During phase 2 of your turn, you may turn face down a champion in your pool. It must be a champion that is able to attack or defend on that turn, not one impaired by an event or spell. This champion has gone questing and cannot be used to attack or defend until your next turn. Remember that turns gained through Caravan or Ancient Kalidnay don’t count as a real turn.
During phase 2 of your next turn, discard the top card from an opponent’s draw deck. If the card is anything but a champion, the card is discarded and the questing champion returns to his pool. If the card is a champion, the questing champion must face it in one-on-one combat. Neither champion can have cards added to them—including events. Judge the victor strictly by the levels and powers of both cards. Consider the questing champion the attacker and the drawn card the defender (the defender automatically wins ties). The victor of the battle returns to his pool. Note that avatars can be brought into play like this without the required cards being discarded.
Each player can send only one champion questing on his turn, and questing can’t be performed through turns gained by Caravan or Ancient Kalidnay.

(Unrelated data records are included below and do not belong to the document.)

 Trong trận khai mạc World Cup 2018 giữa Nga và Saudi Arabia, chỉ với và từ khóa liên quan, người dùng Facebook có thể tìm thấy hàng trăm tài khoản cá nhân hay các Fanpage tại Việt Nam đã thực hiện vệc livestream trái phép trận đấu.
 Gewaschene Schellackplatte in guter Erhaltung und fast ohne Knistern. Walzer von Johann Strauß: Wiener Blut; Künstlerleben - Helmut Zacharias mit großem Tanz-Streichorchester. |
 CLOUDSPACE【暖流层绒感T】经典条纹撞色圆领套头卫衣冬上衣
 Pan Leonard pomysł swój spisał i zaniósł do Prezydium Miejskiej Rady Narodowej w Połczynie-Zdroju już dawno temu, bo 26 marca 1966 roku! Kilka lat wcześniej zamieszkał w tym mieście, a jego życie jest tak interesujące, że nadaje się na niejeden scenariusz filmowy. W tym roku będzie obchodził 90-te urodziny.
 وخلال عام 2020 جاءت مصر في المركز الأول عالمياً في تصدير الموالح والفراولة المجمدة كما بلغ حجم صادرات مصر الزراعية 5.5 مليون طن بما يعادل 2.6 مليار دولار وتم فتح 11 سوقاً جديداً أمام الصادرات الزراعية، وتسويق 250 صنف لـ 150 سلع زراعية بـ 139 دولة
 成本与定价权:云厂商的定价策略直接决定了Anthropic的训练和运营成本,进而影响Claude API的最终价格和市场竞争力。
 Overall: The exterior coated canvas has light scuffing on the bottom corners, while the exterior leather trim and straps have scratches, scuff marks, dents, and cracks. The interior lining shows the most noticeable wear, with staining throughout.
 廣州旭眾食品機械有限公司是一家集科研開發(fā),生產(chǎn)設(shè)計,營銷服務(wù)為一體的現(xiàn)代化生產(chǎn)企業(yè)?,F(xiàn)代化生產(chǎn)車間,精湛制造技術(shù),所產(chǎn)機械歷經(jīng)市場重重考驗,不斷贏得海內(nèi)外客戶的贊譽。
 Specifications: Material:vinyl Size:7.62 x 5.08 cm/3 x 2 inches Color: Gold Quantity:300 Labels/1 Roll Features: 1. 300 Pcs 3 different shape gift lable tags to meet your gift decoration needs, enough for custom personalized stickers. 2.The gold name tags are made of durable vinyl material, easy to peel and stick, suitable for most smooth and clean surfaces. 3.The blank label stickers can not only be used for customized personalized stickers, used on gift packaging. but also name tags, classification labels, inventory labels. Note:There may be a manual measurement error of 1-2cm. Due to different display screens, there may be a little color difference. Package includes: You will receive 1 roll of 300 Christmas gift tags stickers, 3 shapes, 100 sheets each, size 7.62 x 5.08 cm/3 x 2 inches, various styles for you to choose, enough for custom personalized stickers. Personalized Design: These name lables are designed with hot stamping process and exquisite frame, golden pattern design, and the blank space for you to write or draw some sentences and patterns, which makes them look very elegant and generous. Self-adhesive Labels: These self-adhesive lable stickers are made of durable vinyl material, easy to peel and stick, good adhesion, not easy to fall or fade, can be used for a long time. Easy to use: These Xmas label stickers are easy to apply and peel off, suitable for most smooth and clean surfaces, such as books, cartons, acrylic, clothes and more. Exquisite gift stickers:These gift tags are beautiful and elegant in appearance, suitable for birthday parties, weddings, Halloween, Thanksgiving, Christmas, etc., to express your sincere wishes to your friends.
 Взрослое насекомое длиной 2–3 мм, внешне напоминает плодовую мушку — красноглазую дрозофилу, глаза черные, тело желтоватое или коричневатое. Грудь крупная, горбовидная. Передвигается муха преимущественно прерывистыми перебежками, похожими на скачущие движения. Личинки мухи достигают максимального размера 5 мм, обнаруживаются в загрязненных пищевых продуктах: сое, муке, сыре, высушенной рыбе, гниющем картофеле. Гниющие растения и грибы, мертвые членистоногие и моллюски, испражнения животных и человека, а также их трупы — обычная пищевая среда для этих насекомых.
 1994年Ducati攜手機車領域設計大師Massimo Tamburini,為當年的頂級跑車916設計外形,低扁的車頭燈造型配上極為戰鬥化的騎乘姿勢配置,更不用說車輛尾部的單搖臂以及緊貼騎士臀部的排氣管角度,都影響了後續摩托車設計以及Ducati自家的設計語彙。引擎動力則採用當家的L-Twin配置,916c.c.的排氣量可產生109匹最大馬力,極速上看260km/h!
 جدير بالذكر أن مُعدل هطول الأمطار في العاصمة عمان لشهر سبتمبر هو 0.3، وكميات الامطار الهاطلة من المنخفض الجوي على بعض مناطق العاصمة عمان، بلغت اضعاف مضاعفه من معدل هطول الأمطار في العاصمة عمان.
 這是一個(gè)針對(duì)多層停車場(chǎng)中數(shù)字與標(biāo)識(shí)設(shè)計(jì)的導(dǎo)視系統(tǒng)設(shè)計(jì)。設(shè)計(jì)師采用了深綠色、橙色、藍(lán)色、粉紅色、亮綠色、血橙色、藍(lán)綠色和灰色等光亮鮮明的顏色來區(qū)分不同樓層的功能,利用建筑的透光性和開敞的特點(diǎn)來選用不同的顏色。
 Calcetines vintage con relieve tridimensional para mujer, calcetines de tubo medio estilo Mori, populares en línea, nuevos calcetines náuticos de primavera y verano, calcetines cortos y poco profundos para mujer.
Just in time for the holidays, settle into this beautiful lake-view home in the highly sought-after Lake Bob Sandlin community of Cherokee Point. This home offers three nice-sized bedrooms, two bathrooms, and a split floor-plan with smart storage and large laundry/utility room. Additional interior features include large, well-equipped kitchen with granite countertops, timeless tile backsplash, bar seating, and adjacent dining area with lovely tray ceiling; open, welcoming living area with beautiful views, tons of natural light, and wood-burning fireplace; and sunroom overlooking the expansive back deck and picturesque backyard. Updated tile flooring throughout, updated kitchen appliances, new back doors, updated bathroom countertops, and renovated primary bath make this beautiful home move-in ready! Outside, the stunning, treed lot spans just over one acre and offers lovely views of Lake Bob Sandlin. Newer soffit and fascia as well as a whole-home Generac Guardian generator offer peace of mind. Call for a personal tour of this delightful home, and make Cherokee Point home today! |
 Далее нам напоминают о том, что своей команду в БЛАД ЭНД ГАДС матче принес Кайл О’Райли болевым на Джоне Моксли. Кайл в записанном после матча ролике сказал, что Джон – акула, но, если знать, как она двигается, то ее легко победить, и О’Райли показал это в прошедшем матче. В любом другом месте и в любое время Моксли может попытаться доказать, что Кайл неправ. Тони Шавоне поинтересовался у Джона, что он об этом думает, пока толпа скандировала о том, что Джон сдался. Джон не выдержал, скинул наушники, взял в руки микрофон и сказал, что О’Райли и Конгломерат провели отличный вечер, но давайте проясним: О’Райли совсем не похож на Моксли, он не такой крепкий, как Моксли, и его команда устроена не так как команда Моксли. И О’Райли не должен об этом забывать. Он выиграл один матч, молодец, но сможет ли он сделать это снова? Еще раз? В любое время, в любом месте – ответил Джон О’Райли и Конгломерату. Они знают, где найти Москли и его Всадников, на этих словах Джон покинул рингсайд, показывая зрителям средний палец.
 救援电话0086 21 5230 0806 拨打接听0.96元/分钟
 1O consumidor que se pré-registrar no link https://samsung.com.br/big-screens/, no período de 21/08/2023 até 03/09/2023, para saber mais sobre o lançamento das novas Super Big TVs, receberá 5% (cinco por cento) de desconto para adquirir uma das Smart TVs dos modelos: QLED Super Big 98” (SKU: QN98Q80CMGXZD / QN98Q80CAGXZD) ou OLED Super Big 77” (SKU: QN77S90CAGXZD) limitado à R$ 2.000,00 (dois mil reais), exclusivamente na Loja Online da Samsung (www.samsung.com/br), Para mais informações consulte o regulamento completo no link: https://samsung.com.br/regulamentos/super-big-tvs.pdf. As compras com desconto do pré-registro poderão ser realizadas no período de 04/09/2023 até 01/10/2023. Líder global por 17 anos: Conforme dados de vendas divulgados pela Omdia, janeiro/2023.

This variant grants players a limited pool of cards from which they can change their deck between games. Decks that do not contain 55 cards plus a dungeon card (optional), or sideboards that contain more or fewer than seven cards are not tournament legal. Use of illegal decks and/or sideboards can result in the player being ejected from the tournament. Players who opt not to have a sideboard must inform their opponents before a match begins.
The tournament organizer may require players to register their decks and sideboards upon arrival at a tournament. Registration records the original composition of each deck and sideboard. Once a player's deck list is received by a tournament official, it may only be altered at the judge's discretion. The deck and sideboard must each be returned to their original composition before the beginning of a new match. Thus, cards transferred from a player's deck to his or her sideboard, and vice versa, must be returned before the player begins a new match. Failure to properly register a deck and/or sideboard or return a deck and/or sideboard to its original composition can result in ejection from the tournament.

Sideboard Use
Before a the first game of the match begins, each player must allow his or her opponent(s) to count the number of cards in the sideboard (face down), if requested. Before the beginning of the second or third game in a match, players may change the composition of their decks by swapping cards from their decks with cards in their sideboards. Any card exchanges between decks and sideboards must be one-for-one to ensure that the sideboard remains at exactly seven cards at all times. There are no restrictions on the number of cards a player may exchange as long as one card from the deck is traded for one in the sideboard. Attempts to alter a deck other than through a legal sideboard exchange can result in the player being ejected from the tournament.

There are three different types of victory conditions for a tournament game. Unless otherwise specified, all tournaments are considered to use the Standard conditions.

Standard Conditions
The first player to have six unrazed realms wins.

Enhanced Conditions
The first player to have 10 unrazed realms wins.

Barbaric Conditions
A game ends only when a player has six unrazed realms in his formation at the beginning of his turn. Again, a turn gained through Caravan or Ancient Kalidnay doesn’t count; it has to be a “real” turn.

Since space in many convention booklets is rather limited, it’s a good idea to get into the habit of using shorthand forms to identify tournaments using optional rules. The shorthand form is always: SPELLFIREÆ: <Tournament Name> (Variants used in parentheses)—<Victory conditions> [deck size].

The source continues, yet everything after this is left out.